- Born: David Edward Murray 14 October 1951 (age 74) Ayr, Scotland
- Occupations: Entrepreneur; businessman;

= David Murray (Scottish businessman) =

Scottish entrepreneur, businessman and former chairman of Rangers Football Club

Sir David Edward Murray (born 14 October 1951) is a Scottish entrepreneur, businessman and former chairman of the Rangers Football Club.

Born in Ayr, Scotland, Murray had formed the company Murray International Metals Limited by the age of 23. The company grew to include steel distribution, mining and property development.

Murray is perhaps best known for his ownership of Scottish football club Rangers, which he purchased for £6 million in 1988. Under his stewardship, the club won 15 League Championships and 20 domestic Cups. Murray stepped down as chairman in 2009, and was replaced by Alastair Johnston.

==Early life and education==
Born in Ayr on 14 October 1951, Murray was educated at Ayr Academy, Belmont High School, Fettes College and Broughton High School. By the age of 23 Murray had formed Murray International Metals Limited, which was to become a leading distributor of structural steel.

==Business career==
Subsequently, the Murray Group of companies grew with some saying it became one of the United Kingdom's most successful privately owned enterprises. Added to the core business of steel were interests in surface mining (GM Mining), commercial property development (Premier Property Group), venture capital (Charlotte Ventures) and call centres (RHL, trading as 'RESPONSE' from February 2007 onwards, formerly Response Handling Limited). In 2006, the Murray group collectively reported turnover of £550 million, representing a fivefold increase on the figure five years previously, largely as a result of growing involvement in property development. The global recession of 2007–2008 impacted on the companies' growth and in September 2009 the group registered a loss of some £226 million following a write-down in the value of much of its property portfolio. Over the following years the group's losses continued as it struggled to bring down its debt with asset sales and debt-for-equity swaps by its bankers (the part publicly owned Lloyds Bank through its HBOS subsidiary).

Murray is currently the chairman of Murray Capital, a private investment company which is wholly owned by the Murray family.

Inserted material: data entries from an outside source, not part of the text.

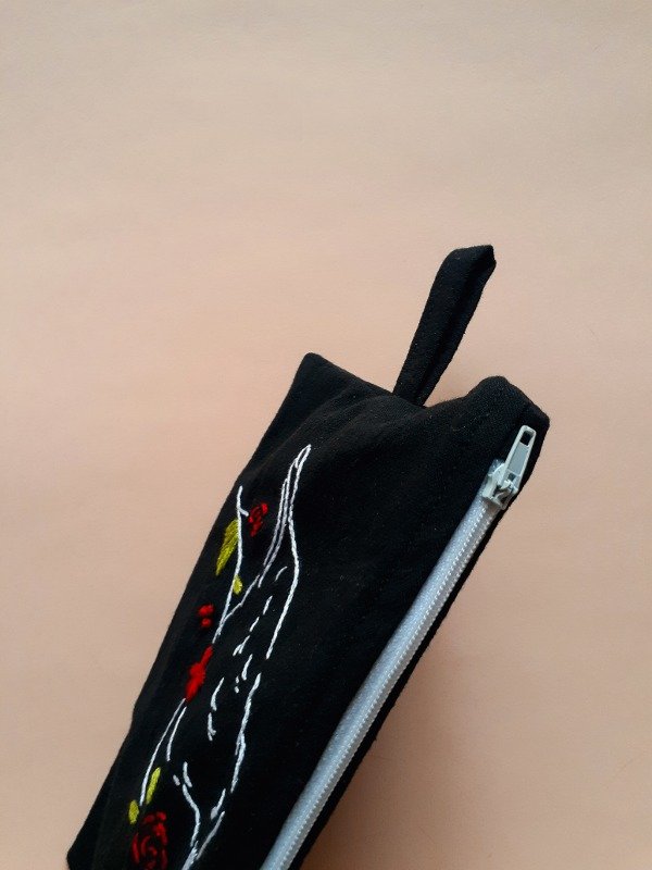 Confeccionado en tusor negro 100% algodón con cierre y bordado a mano.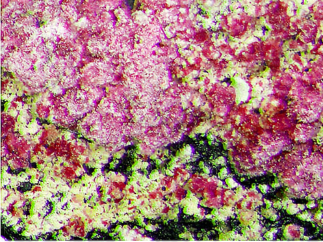 ![]() Bieberit xx und Moorhouseit neben Kobaltkoritnigit xx Detail der oben links abgebildeten Stufe Bildbreite: 2,5 mm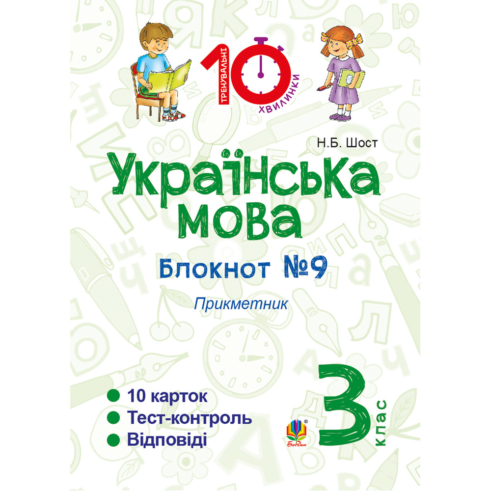 Пропонований посібник входить до серії 10-ти блокнотів «Тренувальні 10-хвилинки», мета яких — забезпечити практичне засвоєння та закріплення учнями 3-го класу найголовніших орфоепічних та орфографічних правил української мови. Блокнот містить картки з вправами та завданнями, розрахованими на 10-хвилинне виконання, а також підсумковий тест-контроль знань з навчальної теми та відповіді для самоперевірки. Посібник зручний у використанні. Працювати з ним можна не лише в школі чи вдома, а й під час подорожі, відпочинку на природі. Для учнів 3-х класів, учителів та дбайливих батьків.
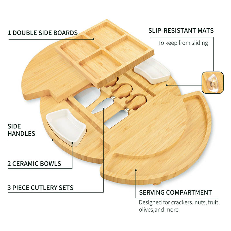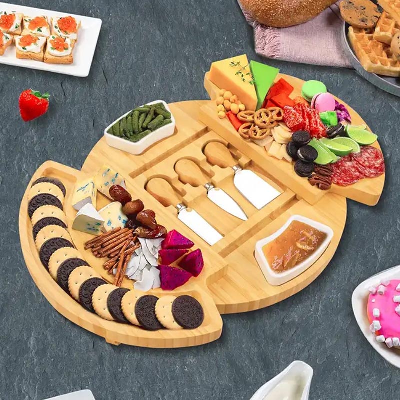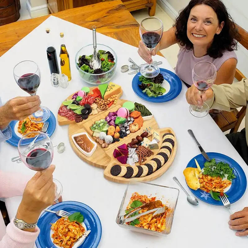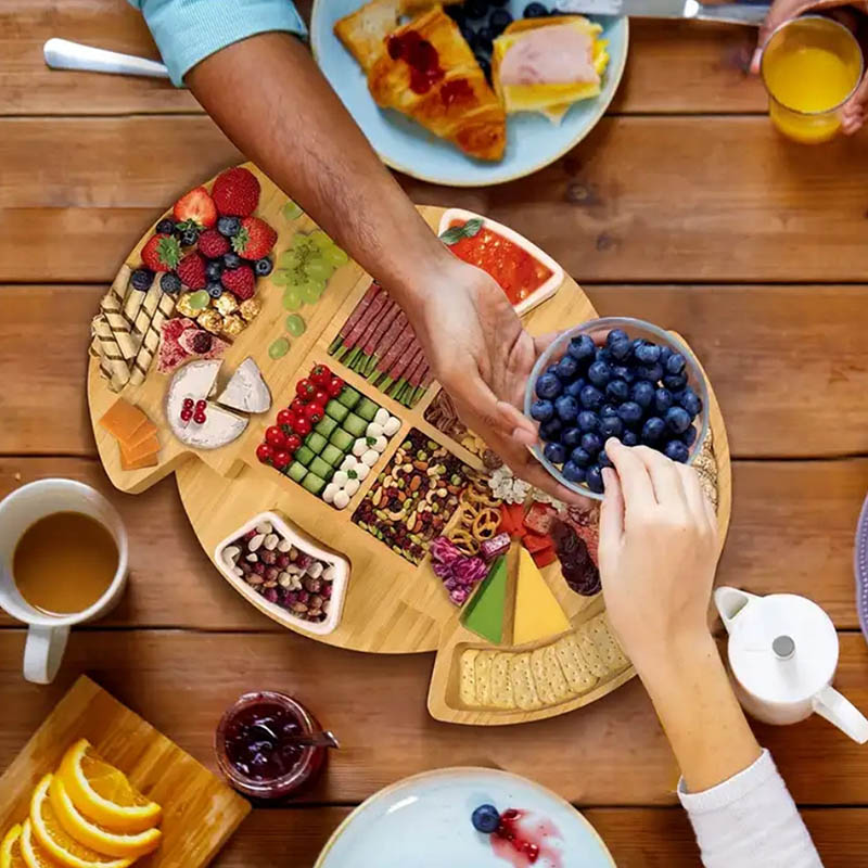 Charcuterie boards are an art form. You can design a unique and gorgeous platter for any festivity. Consider our bamboo cheese board a blank canvas on which you are the master artist creating the perfect ensemble of meats, cheeses, veggies, crackers, fruits, and chutneys to please any audience. Our cheese board open up a world of possibilities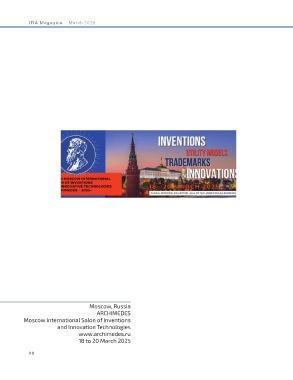 IFIA Magazine March 2025 Moscow, Russia ARCHIMEDES Moscow International Salon of Inventions and Innovation Technologies www.archimedes.ru 18 to 20 March 2025 98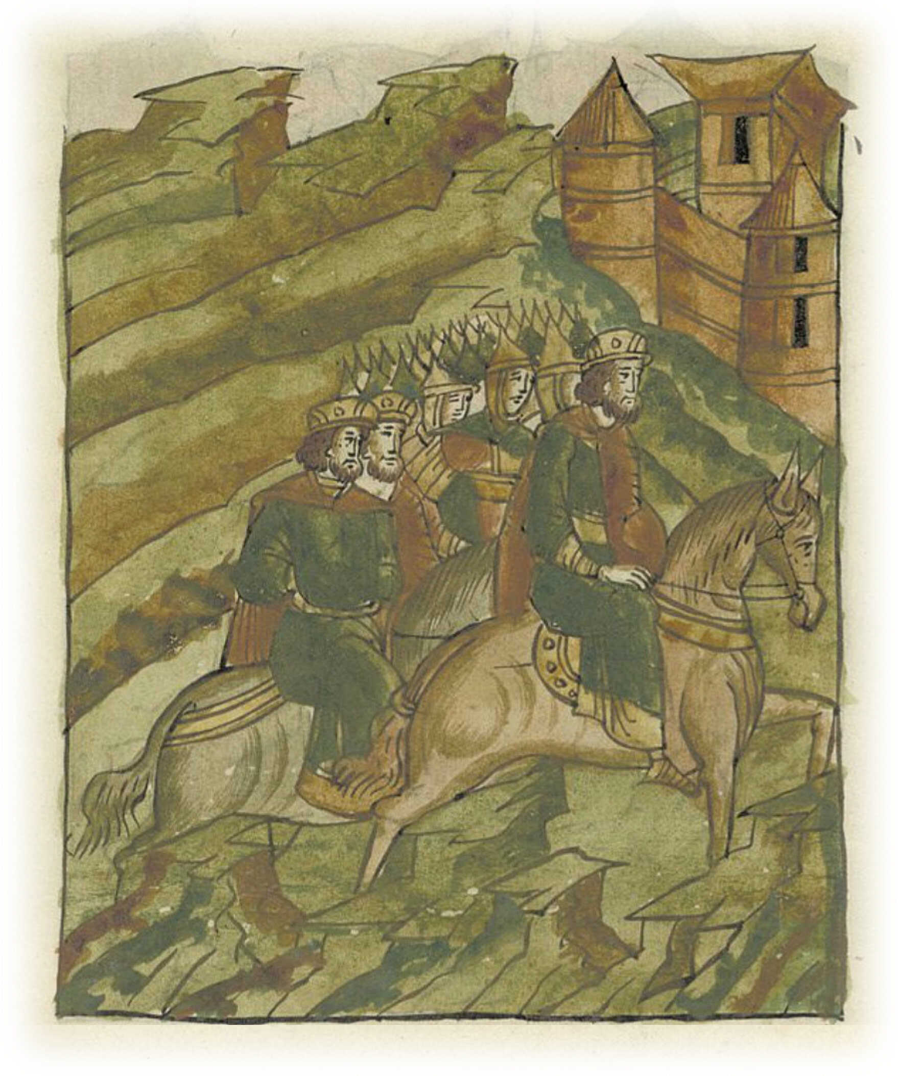 Воеводы царя Ивана Васильевича, разделившись, идут в погоню за царем Емгурчеем.

The company was established in 2000 and invests primarily in traditional economy businesses with a preference for industrial sectors including manufacturing, engineering and oil & gas. Murray Estates, a subsidiary of Murray Capital, is a property development and investment company focusing on identifying and delivering value to prime strategic residential and commercial land.

Alongside his high-profile business activities, other Murray interests have helped cement his prominence in Scottish life.

==Football business ==
===Acquiring Rangers===
Murray's involvement in football has overshadowed his business and personal lives and explains much of his prominence within Scottish society. In the 1980s Murray made a bid for Ayr United which was rejected by shareholders of the club. This setback saw Murray focus attention on acquiring Rangers, a club which, following the appointment of Graeme Souness as manager in 1986, had regained its ascendancy in Scottish football.

Attracted by the idea of owning one of Scotland's highest-profile football clubs, on 23 November 1988 Murray secured the purchase of Rangers from the club's then owner, the Nevada-based Lawrence Marlborough, for a sum of £6,000,000.

===Chairmanship===
Throughout what was later to transpire as his first period of chairmanship, Murray continued and extended the ambitious strategy he had inherited from David Holmes. His investment saw further development to Ibrox Stadium, which had already undergone extensive remodelling in the aftermath of the Ibrox disaster of 2 January 1971, which claimed the lives of 66 fans following an Old Firm derby with Celtic.

Murray oversaw the construction of a third tier on the existing Main Stand, raising the ground's capacity by 7,300. Accompanying this were changes on the pitch. In 1989 Rangers secured their first trophy under Murray's chairmanship and the first of what was to become nine successive League Championships between the period 1989–1997. This period was to be significant for more reasons than footballing success.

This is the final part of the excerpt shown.